In the Battle Against Climate Change, the Caribbean Might Have the Most to Lose

This hurricane season, we're reminded how vulnerable islands are to the ravages of climate change

With us officially being on the brink of hurricane season once again, we’re forced to remember that less than a year ago in September, Hurricane Irma—with its 185-mph sustained winds—rammed into the Caribbean, disrupting communities that remain in infrastructure limbo until this day. Forty-eight hours before the storm landed, the 15,000 anxious residents of Anguilla, a serpentine island 230 miles east of Puerto Rico that seemed to have escaped much of the resulting disaster coverage, watched as Irma was upgraded to a Category 5 hurricane. This “oh shit” designation is given only to the most powerful storms. (For context, Hurricane Sandy was a Category 3 storm when it hit New York, Hurricane Harvey a Category 4.) Its ferocity was not a surprise to climatologists who’ve been warning that there was too much moisture in the air due to the increased sea temperatures caused by climate change. And moisture operates like steroids for hurricanes, they love the stuff.
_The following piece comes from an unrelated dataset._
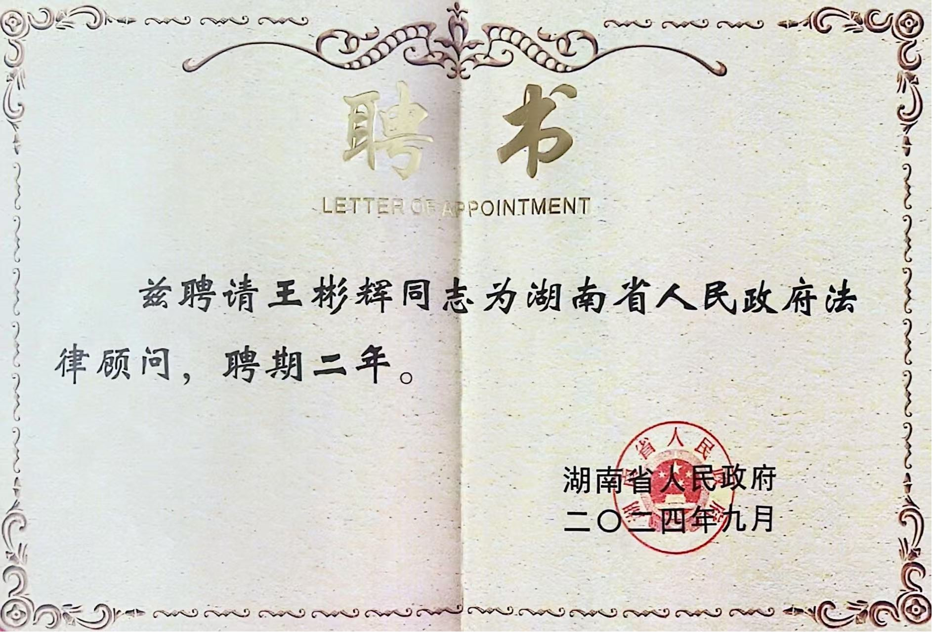 (通讯员 梁嘉铭)2024年9月,湖南省人民政府办公厅发布了《湖南省人民政府办公厅关于聘任省人民政府第四届法律顾问的通知》(湘政办函〔2024〕52号),公司王彬辉教授获聘省人民政府法律顾问。11月6日上午,省政府第四届法律顾问聘任仪式在长沙举行,副省长、省公安厅厅长王一鸥颁发聘书并讲话。

Daryl Thompson—a 33-year-old graphic-designer whose photogenic family is featured in cellphone ads across Anguilla—was at home with his wife, Vanessa, attempting to mask his fear for the sake of his two young children. The storm hit with a vicious force that took off his roof without bending a nail in the process. Across the island, most residents were huddled in their shelters, capturing the storm’s destruction via cell phones and drinking bottles of liquor they had saved for more joyous occasions. “Everyone thought they would die,” Hugo, a security guard at one of the island’s hotels tells Playboy. In the end, the record-breaking hurricane left the region in a state of disaster. They lacked vital infrastructure or reliable access to water, and reports of another storm were coming in as citizens began repairing their homes.

The island’s small size and strong communal ties prevented the chaos caused by the storm from spilling over into mass unrest, which contrasted with the nearby island of St. Maarten, which has a population twice that of Anguilla. The island was hit with such a crazy force that it panicked the residents. Riots broke out, and the French and Dutch governments were forced to deploy troops to quell the unrest.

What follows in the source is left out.